The vector may be, for example, in the form of a plasmid, a viral particle, or a 
phage. Other vectors include chromosomal, nonchromosomal and synthetic DNA 
sequences, derivatives of SV40; bacterial plasmids, phage DNA, baculovirus, yeast 
plasmids, vectors derived from combinations of plasmids and phage DNA, viral DNA 
such as vaccinia, adenovirus, fowl pox virus, and pseudorabies.
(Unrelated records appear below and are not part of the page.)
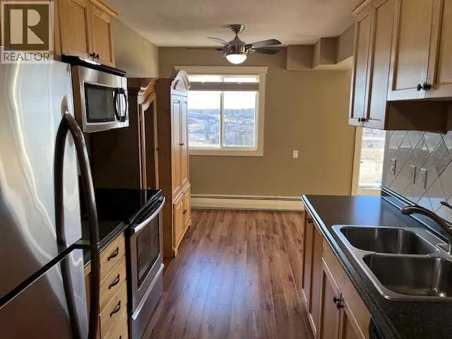 This is a top floor corner condo unit offering an unobstructed panoramic view of the South Saskatchewan river and the south end of the city. This immaculately maintained apartment is awash in natural light and shows two ample bedrooms, a nicely laid out kitchen and dining area, a spacious living room, a 4-piece bath and a convenient laundry/storage room. It comes with a complete appliance package: refrigerator, stove, dishwasher, built-in microwave and stackable washer/dryer. In 2025 new laminate flooring was installed in both bedrooms, the entire apartment was repainted (including the baseboards) and classy cellular curtains were positioned on all windows. Also included in the purchase price is a convenient kitchen hutch/pantry, electric fireplace, 3 ceiling fans, keyless unit door entry and an assigned parking stall with a plug-in. The monthly condo fee of $499 includes landscaping, snow removal, reserve fund contribution, insurance, common area maintenance, property management, trash removal, water, heat and sewer. Valley View Estates is across the street from walking/biking paths, close to many amenities, and just a short drive to the Big Marble Go Center, Heights Rec Center and Co-op Place. It is pet friendly (with restrictions and board approval) and owners must be at least 21 years of age. (id:27476)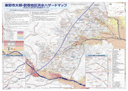 複数の災害による被害想定を1枚のハザードマップにまとめている自治体もあれば、災害ごとにハザードマップを作成している自治体もあります。自治体によって対応が異なる理由は、利用する方が災害発生時に適切に利用できるように、地域特性を考慮し、わかりやすく伝えることを目指しているからです。たとえば、茨城県大洗町では、町の東側が海に面しており、西側が河川に面しているため河川の氾濫による水害と地震による津波の被害想定を1枚のハザードマップに重ねて表示しています。また、神奈川県秦野市では、河川の氾濫による浸水と内水氾濫による浸水の想定区域を1枚のマップで表現しています。いずれの自治体も複数の災害による被害想定を重ねた時に、見やすさを損ねないように工夫されています。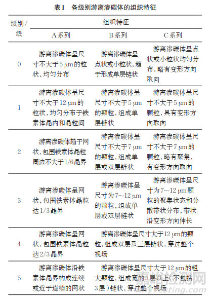三個(gè)系列滲碳體的級(jí)別劃分原則如下:A系列的滲碳體呈網(wǎng)狀,根據(jù)個(gè)別鐵素體晶粒外圍被滲碳體網(wǎng)包圍部分的占比及滲碳體網(wǎng)的完整程度評(píng)定;B系列的滲碳體呈鏈狀分布,有單層、雙層或多層的鏈狀,根據(jù)游離滲碳體顆粒的大小和鏈狀層數(shù)目及鏈狀的長(zhǎng)度進(jìn)行評(píng)定;C系列的滲碳體呈點(diǎn)狀,根據(jù)點(diǎn)狀滲碳體顆粒的大小和滲碳體趨向帶狀分布的程度進(jìn)行評(píng)定,各級(jí)別滲碳體特征如表1所示(游離滲碳體尺寸最大,可通過(guò)目鏡或投影屏兩種方式測(cè)量)。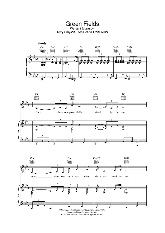 Digital Sheet Music for Green Fields by Terry Gilkyson, Richard Dehr, Frank Miller scored for Piano/Vocal/Chords; id:395566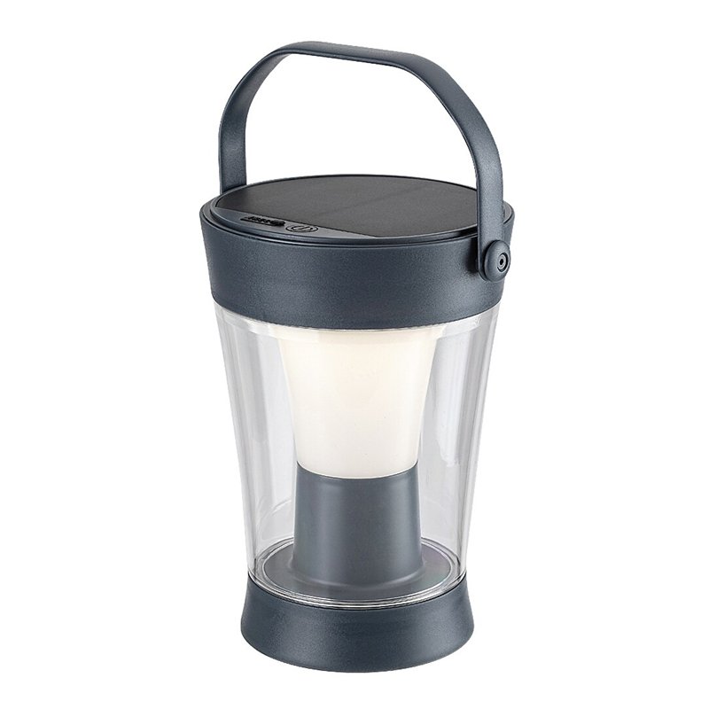 Moderno solarno spoljno svetlo Angers nudi nekoliko dodatnih karakteristika i može se postaviti na terasu ili u baštu. Ovaj sivi, potpuno plastični pametni model upotpunjen je providnim abažurom, okruglom ukrasnom postoljem i praktičnim rukohvatom. Angers ima ugrađen LED izvor svetlosti snage 3 V, svetlosnog toka od 300 lumena sa senkom i 450 lumena bez senke i životnog veka od 15.000 sati. Izvor svetlosti ima temperaturu boje od 4000 K i shodno tome zrači prirodno belo svetlo. Lampa je takođe sposobna za RGB osvetljenje i može se puniti preko USB kabla. Dužina kabla je 1.000 mm. Zahvaljujući ugrađenom senzoru, osvetljenost lampe se podešava u skladu sa okolnostima, a istovremeno se lampa može zatamniti, odnosno možete regulisati njenu osvetljenost pomoću prekidača. Baterija ima napon od 3,7 V i kapacitet od 2.000 mAh. Širina Angera je 240 mm, prečnik je 120 mm. Zaštita IP54 osigurava da je zaštićen od prašine i prskanja vode iz svih pravaca. Njegov idealan opseg radne temperature je -10 °C do 40 °C.

A variety of cloning 
and expression vectors for use with prokaryotic and eukaryotic hosts are described by 
Sambrook, et al., Molecular Cloning: A Laboratory Manual, Second Edition, Cold 
Spring Harbor, N.Y., (1989), the disclosure of which is hereby incorporated by 
reference. 

Particular bacterial vectors which may be used include the commercially 
available plasmids comprising genetic elements of the well known cloning vector 
pBR322 (ATCC 37017), pKK223-3 (Pharmacia Fine Chemicals, Uppsala, Sweden), 
GEM1 (Promega Biotec, Madison, WI, USA) pQE70, pQE60, pQE-9 (Qiagen), pDIO, 
psiX174 pBluescript II KS, pNH8A, pNH16a, pNH18A, pNH46A (Stratagene), 
ptrc99a, pKK223-3, pKK233-3, pDR540, pRIT5 (Pharmacia), pKK232-8 and pCM7. 
Particular eukaryotic vectors include pSV2CAT, pOG44, pXTl, pSG (Stratagene) 
pSVK3, pBPV, pMSG, and pSVL (Pharmacia). However, any other vector may be 
used as long as it is replicable and viable in the host cell. 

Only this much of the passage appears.